More important than evaluating models in isolation: how well do the systems that rely on your machine learning or other models (including foundation models like ChatGPT) achieve your objectives? Do they help your internal staff execute with more efficiency? Do they engage your end users better? Do they lead to improved business outcomes?

It’s difficult to evaluate the output of GenAI models like GPT-4. It’s even more difficult to evaluate systems built around them. Lately, I see too little emphasis on evaluation.

I enjoyed the conversation that Alex Ratner, founder of Snorkel AI, had with Douwe Keila, author of the original paper about retrieval augmented generation (RAG). Ratner asked Keila, “What are some of the challenges in the enterprise that you think the academic or open-source community underestimates?”

Keila responded:

I would say evaluation. I still think the field is in a complete evaluation crisis.

[What’s] really missing… is systems thinking. That’s by design sometimes, but right now we’re getting to a point where you can evaluate either the language model itself in a very isolated setting, or you can evaluate the whole system that is built around that language model. And those are very different things and you cannot compare them.

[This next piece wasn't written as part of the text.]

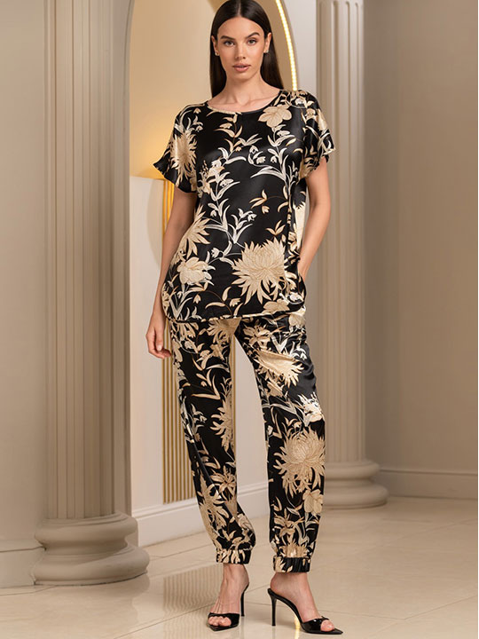 Комплект-двойка Mia-Amore состоит из топа со спущенными плечами и брюк с манжетами на резинке по низу, выполнен из принтованного смесового полотна. Брюки с поясом на резинке. В боковых швах брюк обработаны боковые карманы.

https://snorkel.ai/retrieval-augmented-generation-s-rag-a-conversation-with-its-creator/

Further:

[Data] is the real gold here. The architecture is generalized. Everybody uses the same kind of thing with a couple of tweaks. Compute is currently a scarce resource, but that’s going to become less scarce over time. So, it really is all about the data.

Maybe this is starting to change now, but for a long time, both in industry and academia, people didn’t have enough respect for data and how important it is and how much you can gain from thinking about the data. For example, by doing a weakly supervised learning, or trying to understand your weaknesses and trying to patch up those weaknesses you can close the additional 10 percent that you need to get to a production deployment from your cute demo.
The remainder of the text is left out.